Single by "The Men" a.k.a. the Human League
- B-side: "Cruel"
- Released: July 1979
- Recorded: Monumental Studios, Sheffield, UK
- Genre: Europop; art pop; disco;
- Length: 4:36
- Label: Virgin Records
- Songwriters: Philip Oakey, Martyn Ware, Ian Craig Marsh
- Producer: Colin Thurston

The Human League singles chronology
| "Being Boiled" (1978) | "I Don't Depend on You" (1979) | "Empire State Human" (1979) |

Audio sample
- file; help;

= I Don't Depend on You =

"I Don't Depend on You" is a disco-influenced song by the British synth-pop group the Human League released under the pseudonym The Men. It was released as a single in the UK in July 1979, but failed to chart. It was written by Philip Oakey, Martyn Ware and Ian Craig Marsh; was produced by Colin Thurston and featured guest backing vocalists Katie Kissoon and Lisa Strike (who later worked with Pink Floyd).

After hastily signing the Human League in 1978 it became apparent to Virgin Records that the band were not very profitable, with none of their releases under Fast Records making any impact on the charts. Virgin began putting pressure on the group to justify their large advance signing fee. Pressure was put on Ware, Oakey and Marsh to abandon their no traditional instruments rule and use conventional instruments in an attempt to be more commercial and sell more records. Ware reluctantly agreed but insisted that any material recorded this way should be released under a pseudonym to ensure that it wasn't confused with the pure electronic sound of the Human League. "I Don't Depend on You" was the only product of this compromise with Virgin. It was recorded with the addition of session musicians and was released under the name The Men. The song also features the synth riff from debut single Being Boiled towards the end of the track. Afterwards the band were able to record tracks in their original style for Virgin. Before any further conventional style records could be recorded, the original Human League had split; Oakey then took the new reformed band down a different commercial and pop route.

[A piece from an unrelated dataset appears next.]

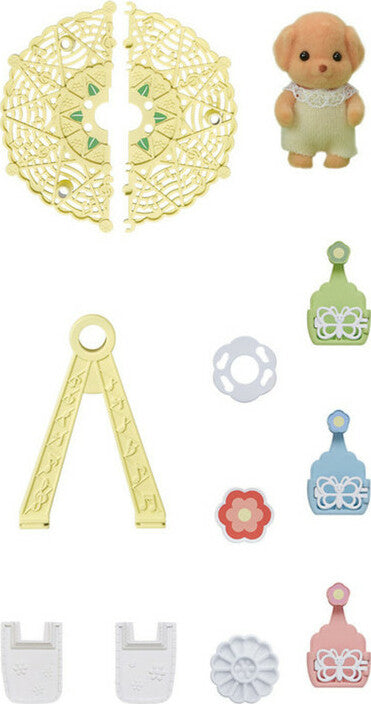 Baby Ferris Wheel includes a cute ferris wheel that can seat up to 3 babies and a Toy Poodle Baby figure.Baby Ferris Wheel's ferris wheel can be turned by holding onto the handle and turning to spin the circular base.Can be placed on top of Baby Castle Nursery (sold separately). Have even more fun playing alongside Baby Airplane Ride (sold separately).Frame (Left), Frame (Right), Gondola x3, Pole, Center Piece, Lock Piece, Handle, Base (Left), Base (Right), Toy Poodle Baby (a total of 12 pieces)
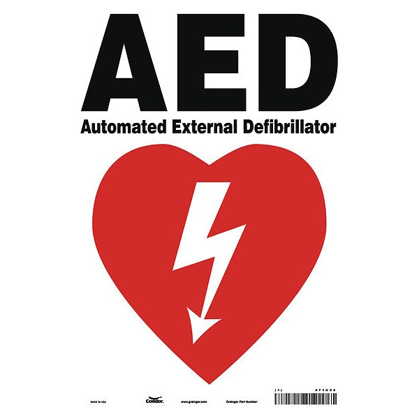AED Automated External Defibrillator, 10 in W x 14 in H, Vertical Rectangle, Vinyl, 471U05

Later, it would be commented on that in recording "I Don’t Depend on You" – two years prior to the arrival of schoolgirl vocalists Susan Ann Sulley and Joanne Catherall – Oakey, Ware and Marsh had already produced a Human League Mk 2-style track complete with commercial pop sound: Oakey's vocal with female backing (with Katie Kissoon and Lisa Strike providing the backing vocals).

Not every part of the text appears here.